Highly accurate absolute encoders therefore comprise a plurality of sensors which are arranged with a fixed spatial relationship to one another and which redundantly register the absolute coding of the code track. By forming averages of the absolute coding registered redundantly it is possible to eliminate non-systematic errors when determining the position of the object.
The remaining systematic errors when determining the position of the object often have a harmonic nature. Such harmonic errors have multifaceted causes. Thus, they can be due to irregularly arranged code elements on the code track or be caused by thermal expansion of the code track, eccentricity of the mechanical support of the code track, mounting play of the absolute encoder, diffraction phenomena on code elements, etc. Moreover, the fixed spatial relationship between the sensors themselves and the regular arrangement of the code elements on the code track constitute periodic structures. The superposition of the periodic structures may form interfering moiré patterns in the case of optical absolute encoders. Moreover, according to the Nyquist-Shannon sampling theorem, information losses may occur when registering the absolute coding in the case where a selected sampling frequency of the absolute encoder is too small in relation to the maximum frequency of the code elements.

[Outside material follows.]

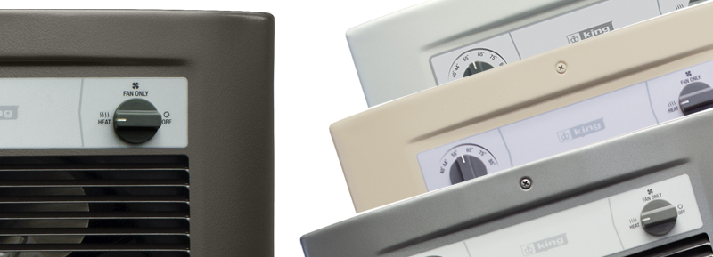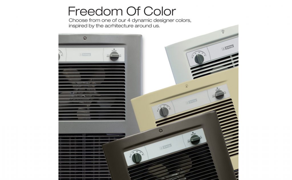 King redefines comfort with a sleek and modern new architectural design. Offering higher output than our industry leading PAW heater. King’s exclusive dual Pic-A-Watt steel fin elements allow customers to select from a range of wattage options, tailoring the heater to an area’s specific heating requirements. With up to 4500W, this is our most popular large wall heater, used in both residential and commercial applications. Standard with a 3-position Heat/Fan/OFF-DISCONNECT Switch and a fan delay to help dissipate heat from the high-mass steel plate fin elements thereby prolonging heater life and increasing energy efficiency. The high quality built-in thermostat has degrees on the label so temperature selection is easy and accurate. Now Available in 4 design colors to match any decor: White Dove, Oiled Bronze, Satin Nickel and Almondine.

In this respect, WO2011/064317A1 describes a method for establishing error coefficients and a method for correcting the measured value of an absolute encoder using these error coefficients. The absolute encoder has at least two sensors and an optical code track. The sensors and the optical code track are movable relative to one another. The sensors register the absolute coding of the optical code track as a sequence of bright/dark transitions at different angular positions. The sensors are spaced apart from one another at an angle of at least 50 degrees. An evaluation unit establishes angle position values from the absolute coding registered by the sensors. By comparing the difference in angle position values of the sensors for a plurality of different angular positions, harmonic angular errors are represented as error coefficients in a Fourier series expansion. The angle position values are corrected by these harmonic angle errors.